Informatica

Informatica Join Vs Database Join

Saurav Mitra

In this yet another "DWBI Concepts' Original article", we test the performance of Informatica PowerCentre 8.5 Joiner transformation versus Oracle 10g database join. This article gives a crucial insight to application developer in order to take informed decision regarding performance tuning.

Which is the fastest? Informatica or Oracle?

Original Research

In our previous article, we tested the performance of ORDER BY operation in Informatica and Oracle and found that, in our test condition, Oracle performs sorting 14% speedier than Informatica. This time we will look into the JOIN operation, not only because JOIN is the single most important data set operation but also because performance of JOIN can give crucial data to a developer in order to develop proper push down optimization manually.

Informatica is one of the leading data integration tools in today’s world. More than 4,000 enterprises worldwide rely on Informatica to access, integrate and trust their information assets with it. On the other hand, Oracle database is arguably the most successful and powerful RDBMS system that is trusted from 1980s in all sorts of business domain and across all major platforms. Both of these systems are bests in the technologies that they support. But when it comes to the application development, developers often face challenge to strike the right balance of operational load sharing between these systems. This article will help them to take the informed decision.

Which JOINs data faster? Oracle or Informatica?

As an application developer, you have the choice of either using joining syntaxes in database level to join your data or using JOINER TRANSFORMATION in Informatica to achieve the same outcome. The question is – which system performs this faster?

Test Preparation

We will perform the same test with 4 different data points (data volumes) and log the results. We will start with 1 million data in detail table and 0.1 million in master table. Subsequently we will test with 2 million, 4 million and 6 million detail table data volumes and 0.2 million, 0.4 million and 0.6 million master table data volumes. Here are the details of the setup we will use,

  1. Oracle 10g database as relational source and target
  2. Informatica PowerCentre 8.5 as ETL tool
  3. Database and Informatica setup on different physical servers using HP UNIX
  4. Source database table has no constraint, no index, no database statistics and no partition
  5. Source database table is not available in Oracle shared pool before the same is read
  6. There is no session level partition in Informatica PowerCentre
  7. There is no parallel hint provided in extraction SQL query
  8. Informatica JOINER has enough cache size

We have used two sets of Informatica PowerCentre mappings created in Informatica PowerCentre designer. The first mapping m_db_side_join will use an INNER JOIN clause in the source qualifier to sort data in database level.
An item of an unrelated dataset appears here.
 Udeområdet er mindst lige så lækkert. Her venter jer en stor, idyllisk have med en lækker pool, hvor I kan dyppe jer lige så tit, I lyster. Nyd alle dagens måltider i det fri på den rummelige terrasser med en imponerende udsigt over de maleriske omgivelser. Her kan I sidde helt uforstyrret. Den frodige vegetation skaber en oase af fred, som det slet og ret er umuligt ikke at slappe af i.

Second mapping m_Infa_side_join will use an Informatica JOINER to JOIN data in informatica level. We have executed these mappings with different data points and logged the result.

Further to the above test we will execute m_db_side_join mapping once again, this time with proper database side indexes and statistics and log the results.

Result

The following graph shows the performance of Informatica and Database in terms of time taken by each system to sort data. The average time is plotted along vertical axis and data points are plotted along horizontal axis.
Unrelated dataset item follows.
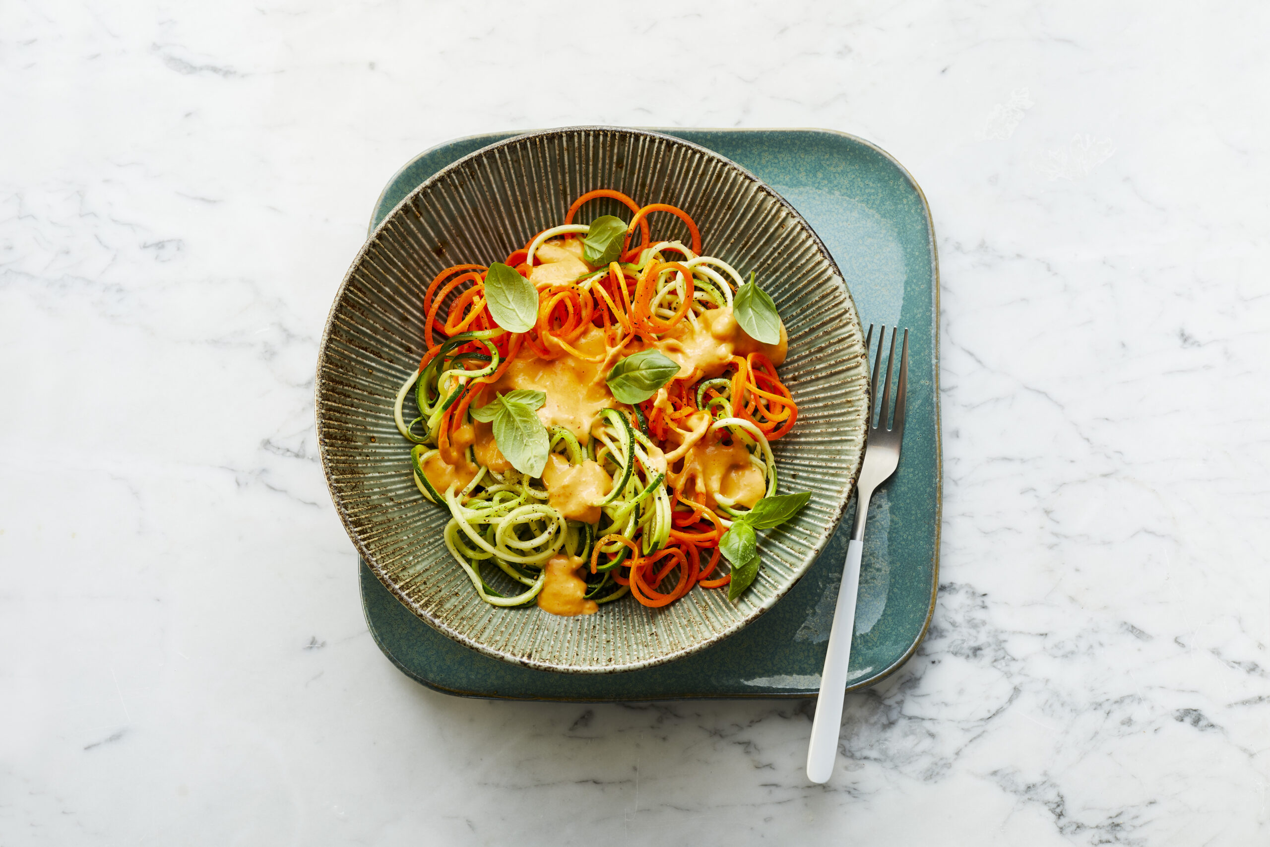 Zoodles à l’italienne avec sauce aux poivrons (10 personnes) Ingrédients Zoodles 10 courgettes moyennes (± 2,5 kg au total) 2 c. à soupe d’huile d’olive Sel Sauce aux poivrons ...

Data PointsMaster Table Record CountDetail Table Record Count
10.1 M1 M
20.2 M2 M
30.4 M4 M
40.6 M6 M
Database-vs-Informatica

Verdict

In our test environment, Oracle 10g performs JOIN operation 24% faster than Informatica Joiner Transformation while without Index and 42% faster with Database Index

Assumption

  1. Average server load remains same during all the experiments
  2. Average network speed remains same during all the experiments

1. This data can only be used for performance comparison but cannot be used for performance benchmarking.
2. This data is only indicative and may vary in different testing conditions.